And next we'll go to Matt Duncan with Stephens.

Matt Duncan - Stephens, Inc.

Analyst

Hey, good morning guys. José Ramón Mas - President, Chief Executive Officer & Director: Good morning, Matt.

Matt Duncan - Stephens, Inc.

Analyst

So José, I was hoping we can start by talking a little bit more about the increased optimism in Communications and you talked about this some in your prepared remarks, but can you maybe tell us where versus wireline, wireless, and installation services, where among those three are you more positive? Is it all three of them or is there one in particular that's really picking up for you. José Ramón Mas - President, Chief Executive Officer & Director: Look, our installation business was up 25% in the first quarter. Our wireline business was up 31% in the first quarter. And we're saying we expect our wireless business to be up double digits on a full-year basis. So across the board, we're seeing excellent results. We're seeing great opportunities. You know, obviously, especially from where we are from a total revenue perspective, we may have bigger opportunities from a growth perspective and installation and in wireline than we do in wireless, but they're are all healthy markets. Wireless is improving, visibility in wireless is improving. And I think longer-term outlook in wireless is improving with the advent of 5G which we're really not going to see in 2016. That's going to be a 2017 and beyond which I think is going to be great for the industry. I think wireless local loop gets started in 2016, but the reality is the big impact and the positive impact of that is going to be in future years. I think we've seen a lot of carriers. Some, in particular, that have delayed some of their strategies and I think we're going to see a nice uptick as the years come. So a lot's written about wireline. Everybody is following that, everybody is tracking it, great opportunities there. I think that the strength of our installation business has quite frankly somewhat surprised us. We're seeing a lot of opportunities related to that, both within our existing customer base and others. And, again, it's almost across the board. It's performing very well right now.
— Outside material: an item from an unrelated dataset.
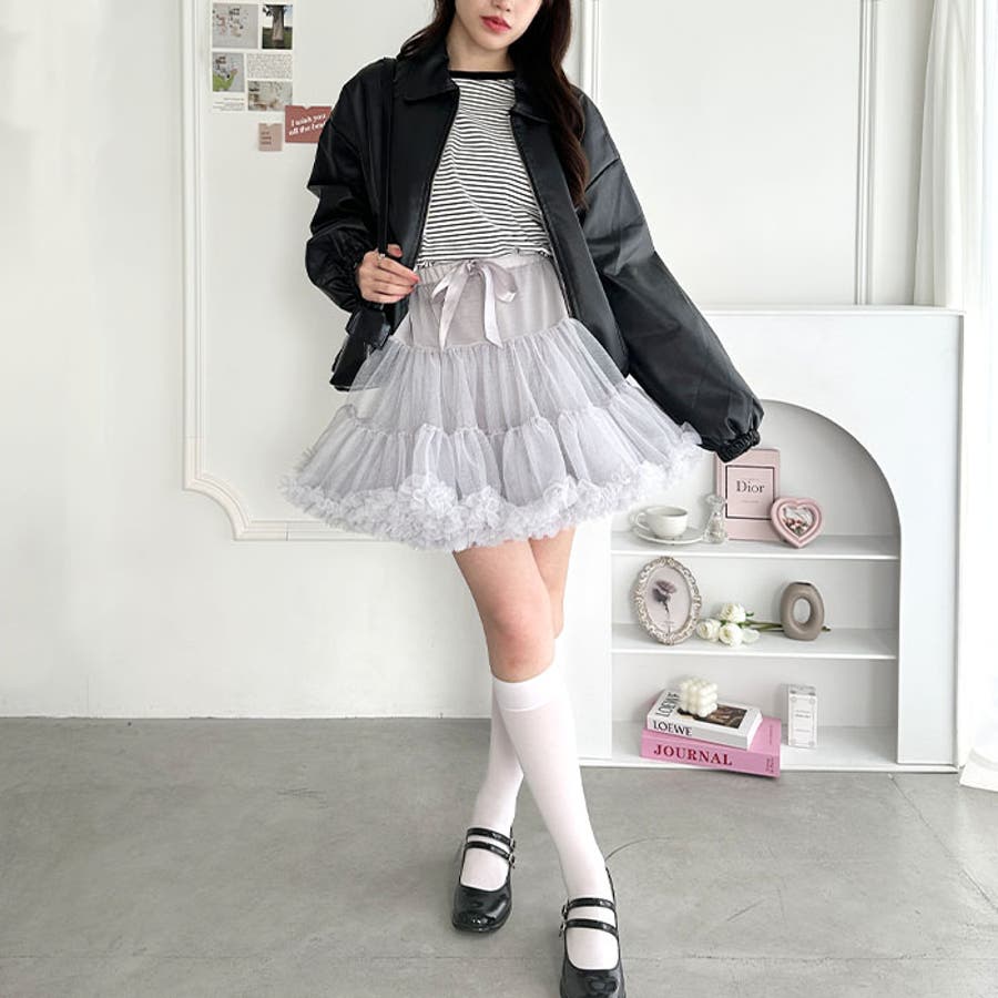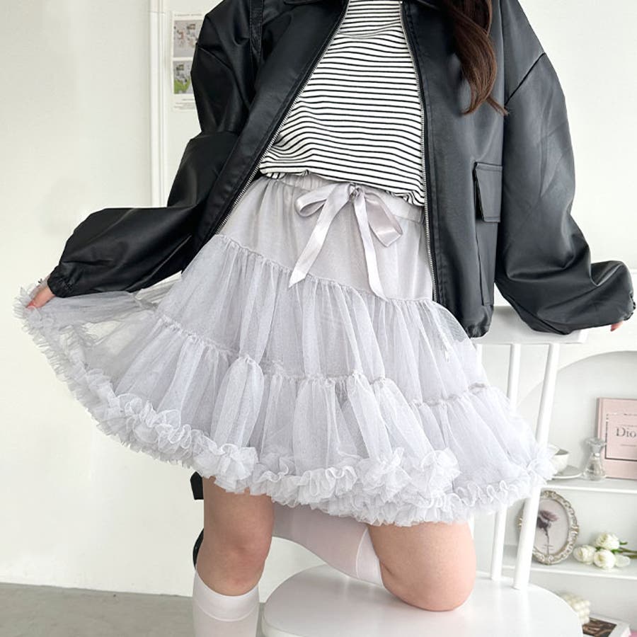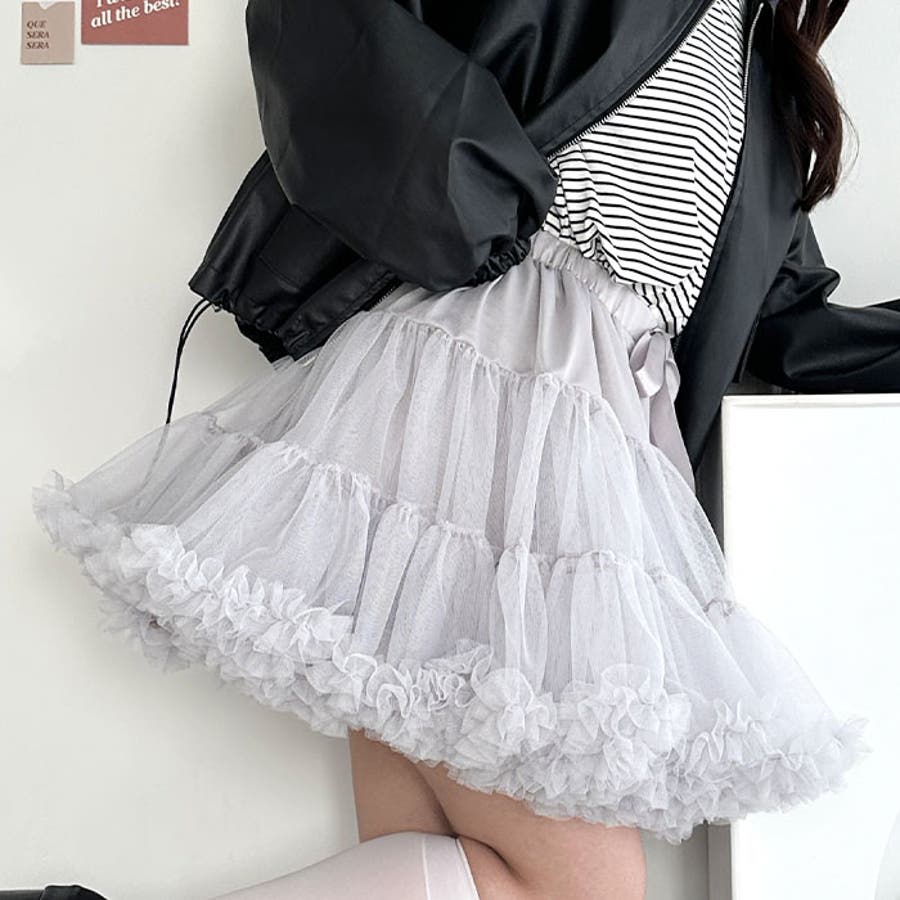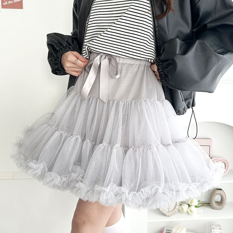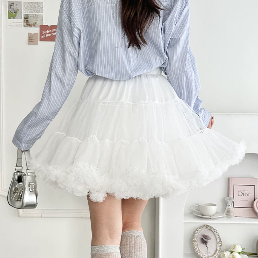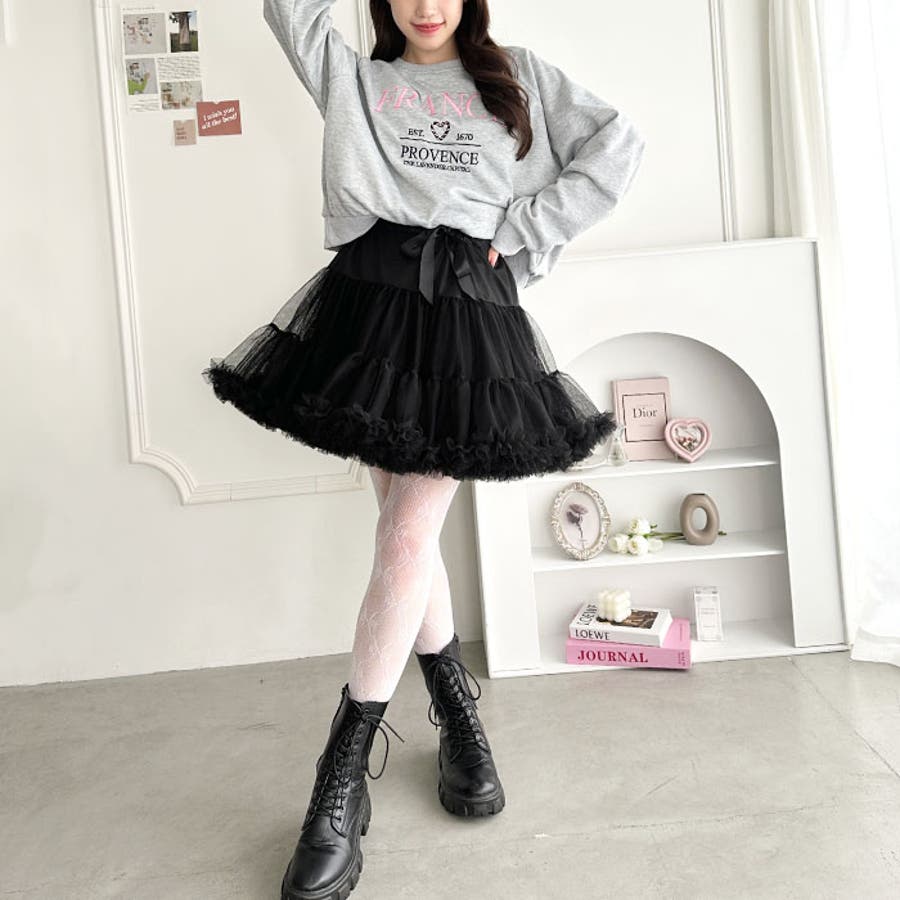 チュールを何段にも重ねてたっぷり使用した贅沢なフリルパニエスカート。
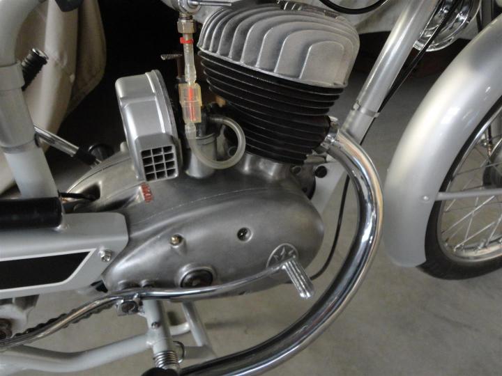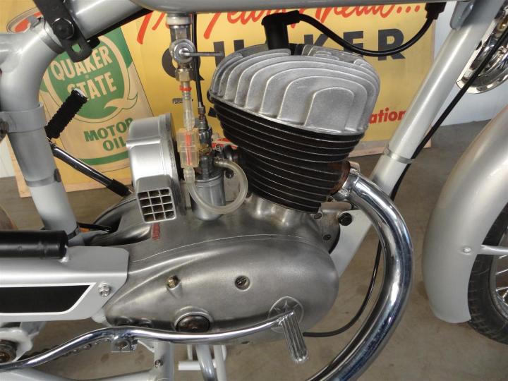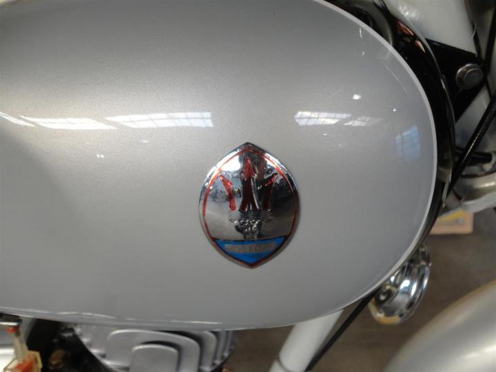 Perfect 100% gerestaureerd. Geheel originele 1958 Maserati 125 CC. Een prachtige, ZEER zeldzame Maserati motor. Slechts een klein aantal geproduceerd. Grote keus in motor- en bromfietsen in de Stolze Collectie!

Matt Duncan - Stephens, Inc.

Analyst

Okay. So it's safe to say then that that segment's probably a double-digit grower this year, it sounds like given the growth rates you're seeing in each of the three pieces. José Ramón Mas - President, Chief Executive Officer & Director: Yes.

Matt Duncan - Stephens, Inc.

Analyst

Okay. All right. And then the other thing I had is just on the DAPL project. Can you give us some idea where in this quarter you expect to actually begin construction? I think it has been sometime in May last I checked. I just don't know what the current expectation is there. I know the contractor that's building the storage for that job has already begun construction on that piece. And is the completion date for that job still by year-end? It sounds like it must be if you're going to work off most of the Oil and Gas backlog that you've got there. José Ramón Mas - President, Chief Executive Officer & Director: What we tried to do with guidance was give ourselves room. We've been through this before where you're starting a project, you expect to be on it, you get delayed a week or two and we really tried to take a very hard and conservative view on that. Our expectations haven't changed. We expect to start this month. We expect to be substantially complete by yearend. And we're tracking towards that, but we're buying ourselves a little bit of room in case something unforeseen happens.

Matt Duncan - Stephens, Inc.

Analyst

Okay. Thanks. I'll hop back in queue. José Ramón Mas - President, Chief Executive Officer & Director: Thanks.

Operator

Operator

All right. The next we'll take our question from Noelle Dilts with Stifel. Noelle Dilts - Stifel, Nicolaus & Co., Inc.: After this very strong growth you saw in install-to-the-home, can you help us understand if that's coming from new geographic territories or more work in your existing territories? And then on their conference call, AT&T did talk about accelerating single truck rolls in the back half of the year, but given the growth that you're seeing, I mean, is there a way to think this as a benefit? Are you actually seeing a benefit from that? Can you just help us understand what you're seeing? José Ramón Mas - President, Chief Executive Officer & Director: Sure. What we've said all along is we think AT&T is doing a good job with DIRECTV. They have big plans, obviously, to grow their customer base and expand their product offering. I think we're seeing a benefit to that. I think if they continue and they reach their goals, they're going to need a lot more technicians to be able to do what they want to do. We're going to play a role in that. We're not going to be the only ones that play a role in that, obviously, in their existing footprint. But we feel good about where we're at. We feel good about the level of work that we're going to enjoy. And we really don't expect much of a difference through the balance of the year. So, it's – like we've said in the past, we don't really expect that to affect us. I know we keep getting asked the question but I think we're demonstrating that it hasn't affected us and I think we feel good about it not really impacting our business in any significant way in the second half of the year and beyond. Noelle Dilts - Stifel, Nicolaus & Co., Inc.: Okay. And then on the problem Transmission job, I know you're 85% done, but can you give us a sense of just how much remaining revenue is coming for the rest of the year just so we know how much is moving through the income statement at breakeven? George L. Pita - Chief Financial Officer & Executive Vice President: Hey, Noelle, it's George. For the balance of the year, it's about somewhere in the neighborhood of $40 million to $50 million that's remaining. Noelle Dilts - Stifel, Nicolaus & Co., Inc.: Okay. Thanks.

Operator

Operator

And next we'll go to John Rogers with D. A. Davidson. John Bergstrom Rogers - D. A. Davidson & Co.: Hi, good morning. Can you hear me? (49:04 – 49:17)

Operator

Operator

Capital Markets. Just one moment. Go ahead Matt Tucker.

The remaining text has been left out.